- Exercise directions -
Provide again, from the entries below, every line from the one containing "Parts for Frigidaire" through the one containing "FOUNDERS PEAK」のスピーカーとして登壇。「From Space", exactly as written, and no other line.

- Available records -
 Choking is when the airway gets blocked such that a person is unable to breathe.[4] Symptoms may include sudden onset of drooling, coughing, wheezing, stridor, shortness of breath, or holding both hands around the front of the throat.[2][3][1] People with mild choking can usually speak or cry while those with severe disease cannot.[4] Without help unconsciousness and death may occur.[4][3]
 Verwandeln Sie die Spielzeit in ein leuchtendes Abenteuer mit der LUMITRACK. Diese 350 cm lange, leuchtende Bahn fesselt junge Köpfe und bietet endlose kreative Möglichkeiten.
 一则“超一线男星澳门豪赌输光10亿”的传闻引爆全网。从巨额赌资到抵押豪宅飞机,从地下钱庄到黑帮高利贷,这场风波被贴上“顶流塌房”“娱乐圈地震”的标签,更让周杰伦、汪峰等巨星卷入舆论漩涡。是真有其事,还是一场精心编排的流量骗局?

* * *

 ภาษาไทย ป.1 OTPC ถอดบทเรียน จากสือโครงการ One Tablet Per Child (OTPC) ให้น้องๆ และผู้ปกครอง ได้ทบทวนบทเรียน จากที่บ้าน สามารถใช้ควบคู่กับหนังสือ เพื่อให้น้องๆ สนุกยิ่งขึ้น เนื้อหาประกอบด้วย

...

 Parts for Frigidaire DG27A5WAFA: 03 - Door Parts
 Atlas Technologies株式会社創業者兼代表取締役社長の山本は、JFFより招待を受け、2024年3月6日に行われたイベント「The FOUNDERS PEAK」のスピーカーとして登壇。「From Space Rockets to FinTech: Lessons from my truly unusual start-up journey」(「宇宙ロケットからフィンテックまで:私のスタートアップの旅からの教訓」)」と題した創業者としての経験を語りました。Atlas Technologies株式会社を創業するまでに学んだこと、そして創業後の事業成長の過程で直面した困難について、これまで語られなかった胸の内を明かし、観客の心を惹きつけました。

- Reply to the task -
 Parts for Frigidaire DG27A5WAFA: 03 - Door Parts
 Atlas Technologies株式会社創業者兼代表取締役社長の山本は、JFFより招待を受け、2024年3月6日に行われたイベント「The FOUNDERS PEAK」のスピーカーとして登壇。「From Space Rockets to FinTech: Lessons from my truly unusual start-up journey」(「宇宙ロケットからフィンテックまで:私のスタートアップの旅からの教訓」)」と題した創業者としての経験を語りました。Atlas Technologies株式会社を創業するまでに学んだこと、そして創業後の事業成長の過程で直面した困難について、これまで語られなかった胸の内を明かし、観客の心を惹きつけました。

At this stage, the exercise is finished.